# Hunting leases in florida???



## 7mmbrowningman (Oct 19, 2008)

Has anyone heard of any clubs looking for members or even properties for lease in and around the area here in FL (Escambia, Santa Rosa, Okaloosa)???? I already have a small lease secured up in AL - but just not too thilled with what I have to work with, so I am looking for other options. Any leads will be greatly appreciated! :thumbup:


----------



## Bullshark (Mar 19, 2009)

Chuck you already have your Bama license and the deer are bigger in bama so why don't you join a lease near the state line in Bama. This one has a good land to member ratio: http://www.pensacolafishingforum.com/f48/brewton-club-needs-members-68876/
Otherwise the only land I know is Westervelt in PCB. Did you re-up your lease?


----------



## 7mmbrowningman (Oct 19, 2008)

Yeah James, we did re-up on the lease...just not feeling to good about it. My buddy is having $$$ issues and I personally do not want to have to foot the whole bill on plots so that someone other than me gets to hunt 'em! lol Plus, Lee saw what we are working with again this year...and I am not all that thrilled to say the least! lol 
Being that I am a single dad and my boy is 16 now - I would need to cover 2 license fees this year, plus the property and the food plots all by myself...so I was hoping for a Florida option as a backup plan! If I were to back out on the current lease (letting you know if I do, of course!) all we would lose is $11-12.


----------



## BANKWALKER (Aug 26, 2009)

luredinn posted this:

Clear Creek Hunting Club-on escambia river in chumuckla area, club membership needed if interested call 380-0450 ask for ron or leave messssage.

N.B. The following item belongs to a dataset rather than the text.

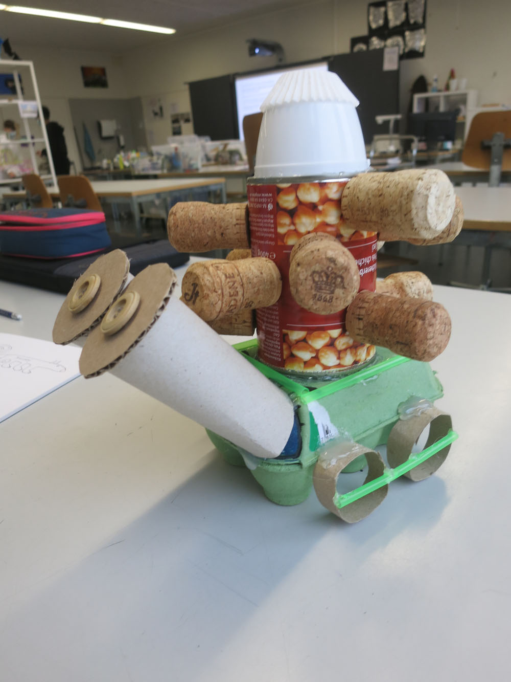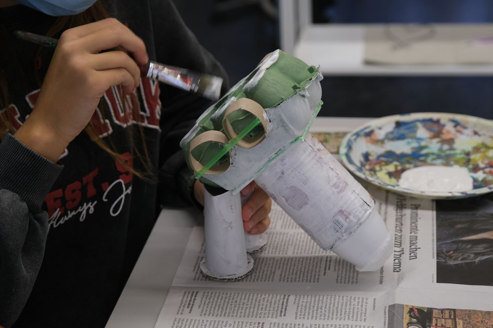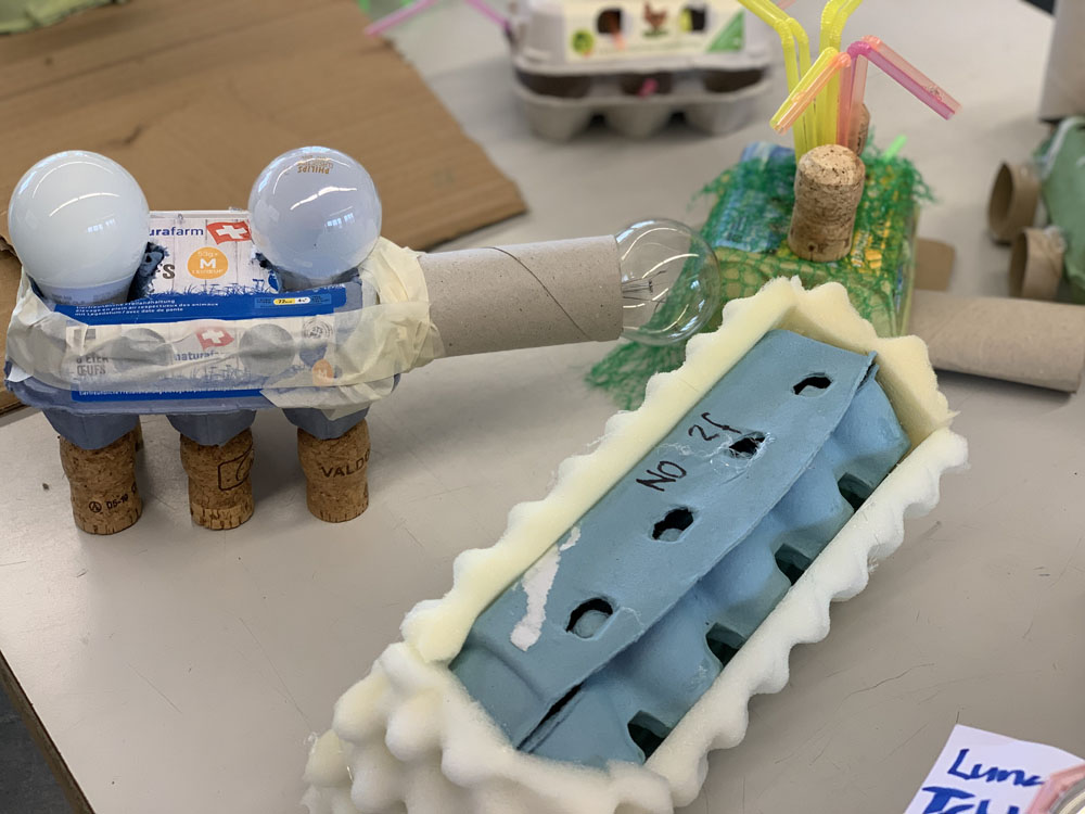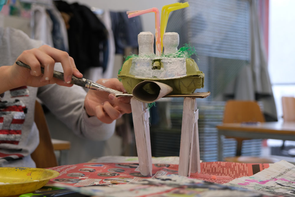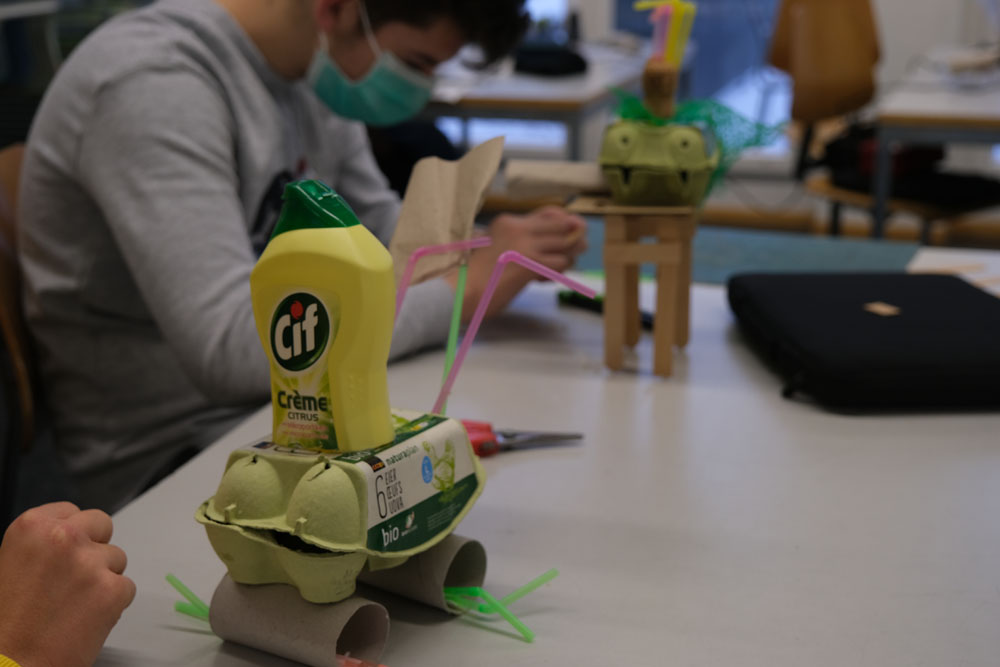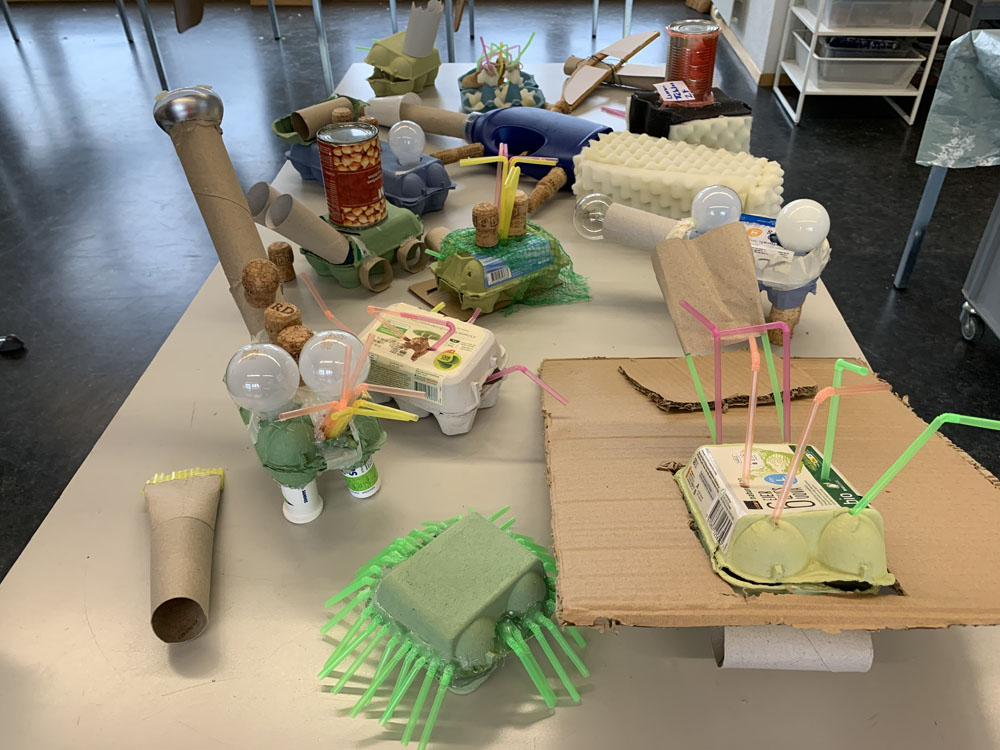 À partir de divers matériaux, les élèves élaborent des créatures fantastiques en imaginant et en expérimentant, en collant et en emboîtant, en combinant et en construisant. Ils s’inspirent d’un choix de matériaux recyclés pour créer des figurines. Les élèves utilisent ensuite une créature pour expérimenter librement les jeux d’ombre et de lumière, et prennent des photos en variant les points de vue, le cadrage et les proportions. À l’aide de leurs photographies, d’une fiche descriptive et d’un story-board, ils créent une histoire visuelle personnelle autour de leur créature.

This is a muti yearmanage family orientated 8 point club with plantedfood plots


----------



## Bullshark (Mar 19, 2009)

If your buddy backs out let us know and Lee and I would cover the 2/3 of all the $. Just let us know before planting season. I may hunt it 2 or 3 times. It needs a lot of work but it has some big boys and we have a tractor and all the attachments. If it's just you we may be able to work something out with you one our land if we can hunt there. We can just join the 2 if we can manage to hunt the same way. I would call you but I lost both of my phones and your # with it.


----------